La récente interview (12) du chef de la délégation du Saint-Siège au Vietnam vient donc rétablir l’équilibre de l’information sur ce sujet et laisse apparaître des résultats moins flatteurs pour le gouvernement vietnamien, même si le haut responsable romain reconnaît que durant les quatre années écoulées depuis sa première visite au Vietnam, « des progrès ont été réalisés dans l’exercice de la liberté religieuse en ce pays ». Cependant, pour le prélat romain, « il reste un long chemin à parcourir avant de pouvoir affirmer que l’Eglise catholique au Vietnam jouit de l’entière liberté religieuse », une liberté qui, selon lui, ne devrait pas se réduire à la liberté de culte, mais comporter aussi la possibilité de créer des associations, des oeuvres éducatives et caritatives …

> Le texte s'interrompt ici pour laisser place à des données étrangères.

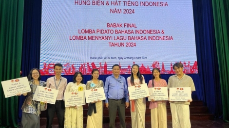 (VOVWORLD) - อินโดนีเซียมีสุภาษิตว่า “ถ้าไม่รู้จะไม่รัก” ซึ่งความหมายของสุภาษิตนี้ก็ตรงกับความรู้สึกของสาวชาวเวียดนามสองคนอย่าง คุณ เจิ่นถิเกี่ยวจิง และ คุณ เจิ่นมิงเหี๊ยว สองผู้ชนะในการประกวดสุนทรพจน์และร้องเพลงภาษาอินโดนีเซียที่มีขึ้น ณ มหาวิทยาลัยสังคมศาสตร์และมนุษยศาสตร์ สังกัดมหาวิทยาลัยแห่งชาตินครโฮจิมินห์ เมื่อวันที่ 22 สิงหาคม ที่ผ่านมา โดยการประกวดในครั้งนี้ถือเป็นโอกาสให้นักศึกษาภาควิชาอินโดนีเซียศึกษาที่ได้เรียนรู้ภาษา วัฒนธรรม และผู้คนของประเทศอินโดนีเซียค่อยๆ รู้สึกหลงไหลในกับประเทศนี้อย่างไม่รู้ตัว
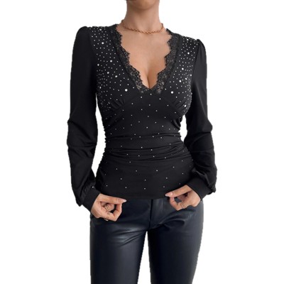 Women's Deep V Neck Long Sleeve Top Lace Rhinestone Slim Fit Blouse
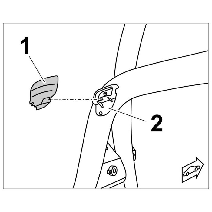 3. Fit trim -1- on the lower part of the rubber stop -2- ( -arrow- ) until the latches engage securely.
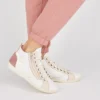 Cette saison découvrez la basket montante PALME retravaillée. Nouvelle forme pour notre Palme sans boucle! Celle-ci emprunte les codes du sport ambiance tennis avec son cuir blanc légèrement perforé et ses accents couleurs. Un petit empiècement perforé lui a été apporté afin d’ajouter une touche estivale et respirante. Véritable référence en terme de confort grâce à sa semelle en injecté ultra-souple, le modèle PALME vous apportera une grande flexibilité dans vos mouvements. Sa tige en cuir fin et léger permet à cette chaussure d’épouser parfaitement la morphologie de votre pied. Son mix de cuirs est élégant et sa fermeture éclair est très pratique pour faciliter le chaussant.
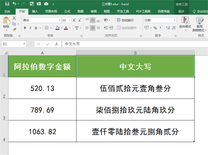 将下图工作表A列中的阿拉伯数字金额批量转换为中文大写金额,转换后的效果参见B列。
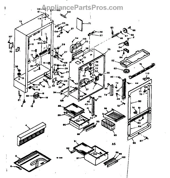 Parts for Kenmore 106.6677632 (1066677632, 106 6677632): Cabinet Parts
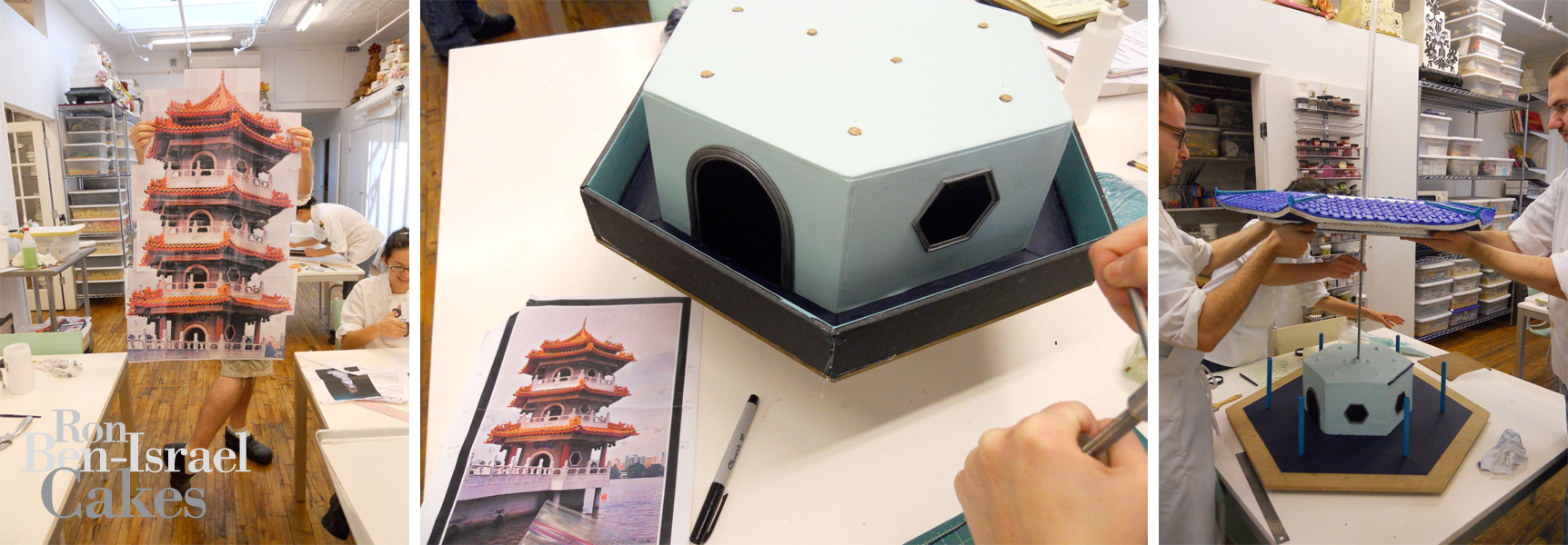 Every now and then we get a request for an unusual wedding cake.  Such was the case for a couple getting married at the Intercontinental in Boston, Massachusetts.  The couple had spent a lot of time in various parts of Asia, and the request for the wedding cake was a very large pagoda, with a pair of panda bears.  Of course we happily obliged…
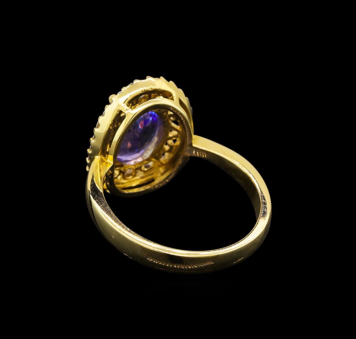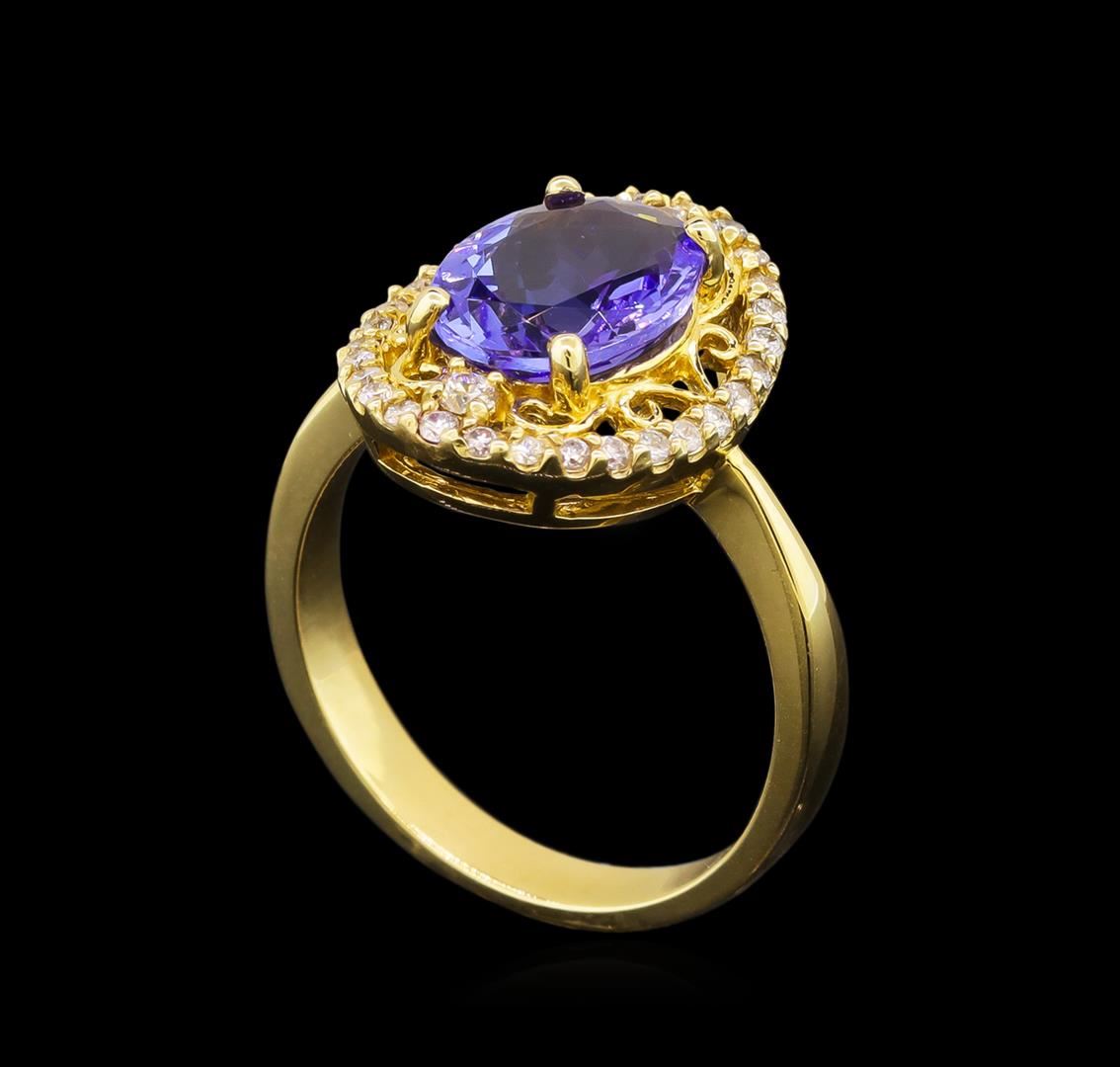 One electronically tested 14KT yellow gold ladies cast tanzanite and diamond ring with a bright polish finish. Identified with markings of "K14". Condition is new. Containing: One prong set oval modified brilliant cut natural tanzanite, measuring 10.90 x 7.80 x 4.10mm, approximate weight of 2.45ct., clarity is eye clean, type I, medium light, very slightly grayish, violet color, (GIA V 4/3), cut is good. Thirty-Two prong set round brilliant cut diamonds, measuring 1.90 - 1.20 x 0.93mm (depth est.) approximate total weight of 32 Stones = 0.22ct. Clarity: SI-1 to I-1. Color: H - I, Cut is Good. Colored gemstones are presumed to have been subjected to commonly used enhancement processes. All diamonds and colored gemstones are graded in the mounting, unless otherwise stated. Total Weight of Colored Stones 2.45ct. Total Weight of Diamonds 0.22ct. Total Weight of Ring 4.70 grams. GGL Appraised at $2,775.00.

Au sujet des nominations d’évêques et des consultations préalables entre les deux parties, Mgr Celli a été sans ambiguïté: « Le Saint-Siège répète chaque fois son désir de pouvoir nommer librement des évêques ». Il a ajouté:  » C’est donc à contre-coeur que le Saint-Siège soumet le nom du candidat à la considération du gouvernement vietnamien avant la nomination par le souverain pontife; cette procédure ne lui fait pas plaisir, mais l’actuel état des choses ne lui laisse pratiquement pas d’autre choix. C’est vrai que dans certains pays, le Saint-Siège communique à l’avance aux autorités gouvernementales, le nom du futur évêque, mais sans que cela comporte un droit de veto de la part de cet Etat ».

Pour ce qui concerne Mgr François-Xavier Nguyên Van Thuân, Mgr Celli a déclaré qu’il continuera à garder la fonction de coadjuteur de Hô Chi Minh-Ville. Il a aussi rappelé que, depuis que les autorités « l’ont invité à quitter son pays, le Saint-Siège a très souvent protesté à ce sujet » parce qu’il tient « la mesure prise contre lui comme une injustice manifeste ». Dans le futur, le Saint-Siège qui connaît bien les grandes qualités intellectuelles et morales de cet évêque lui confiera une fonction à l’intérieur de la curie romaine.

Enfin, de nombreux renseignements supplémentaires concernant le climat des entretiens ainsi que les points d’accord et d’achoppement entre les deux parties ont été apportés par un compte rendu général du voyage de la délégation, que nous présentons en annexe de ce numéro. Ce document qui provient d’une source religieuse vietnamienne proche du Vatican a été publié dans la revue de langue vietnamienne « Muc Vu » (Pastorale), publiée en Suisse.